Это относилось ко всем, кроме Лаврова, поэтому все направились к дверям, а Алексей остался на месте. Сергей Александрович обернулся к нему.
— Пошли.
— Что ты думаешь о связи? — генерал задал вопрос, едва Лавров притворил за собой дверь кабинета.
Тот ждал этого вопроса, был заранее готов к нему и потому ответил без промедления:
— Если Вец днем не уедет, то выйдет на связь в двадцать два ноль-ноль.
— Уверен?
Дверь приоткрылась, заглянул Львов.
— Заходите, — сказал Моисеев. — Выкладывайте, что у вас, шах или мат?
— Смеетесь, Сергей Александрович… Но опять — шахматы. Вец пользуется девятой партией матча Капабланка — Ласкер. Индексы расшифровываются, как ходы белых пешек и коней. Хитроумно и примитивно одновременно. Как все у немцев. Я обязательно бы поставил второй ключ.
Он волновался, то и дело поправляя очки. Он всегда волновался, когда докладывал генералу.
— Что касается двенадцатого и ноль четвертого, — продолжал Львов, — мы не могли передать им новый шифр: Тимченко не дошел.
— Знаю, — сказал Моисеев. Он вспомнил Тимченко, вспомнил, как прощался с ним в последний раз, и доклад Львова: «Напоролся, капсулу с шифром уничтожил, подорвал себя гранатой». — А если еще раз попробовать старым?
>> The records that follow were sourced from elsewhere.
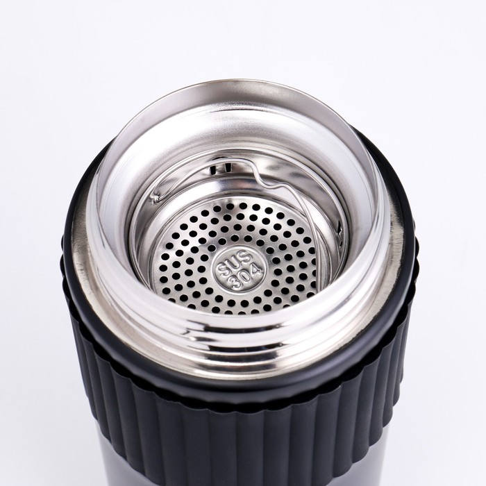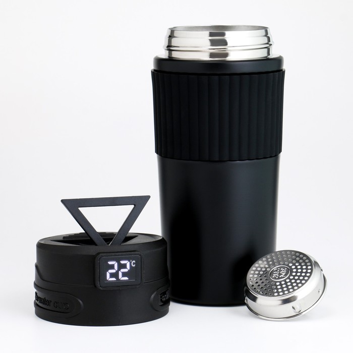 Термокружка TAKE IT EASY New design, 400 мл, сохраняет тепло 12 ч, термометр, сито, чёрная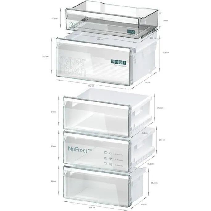 - hyperFresh 0°C: mehr Platz für Obst und Gemüse. Und eine besonders kalte Umgebung für Fisch und Fleisch.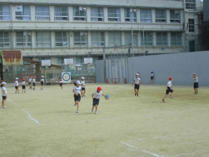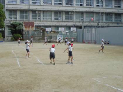 3年2組はボールを使った運動をしていました。

— Но рядом с двенадцатым Штуббе. Я знаком с ним давно. У него страстная любовь к шахматным шифрам. Мы им уже трижды ставили мат. Кстати, о мате шифру Веца они так и не подозревают.
Моисеев перевел взгляд на Лаврова, потом куда-то вдаль, и было совершенно неясно, к чему относилась его последняя реплика — то ли к тому, что немцы могли разгадать старый шифр, то ли к тому решению, которое генерал уже принял.
А суть принятого им решения сводилась к тому, чтобы выяснить, не Вильке ли прибыл в Ф-6. И если именно он, этот матерый и опытный враг, один из руководителей восточного бюро абвера, вербовал и готовил в Ф-6 свою агентуру, необходимо было создать там группу контрразведки.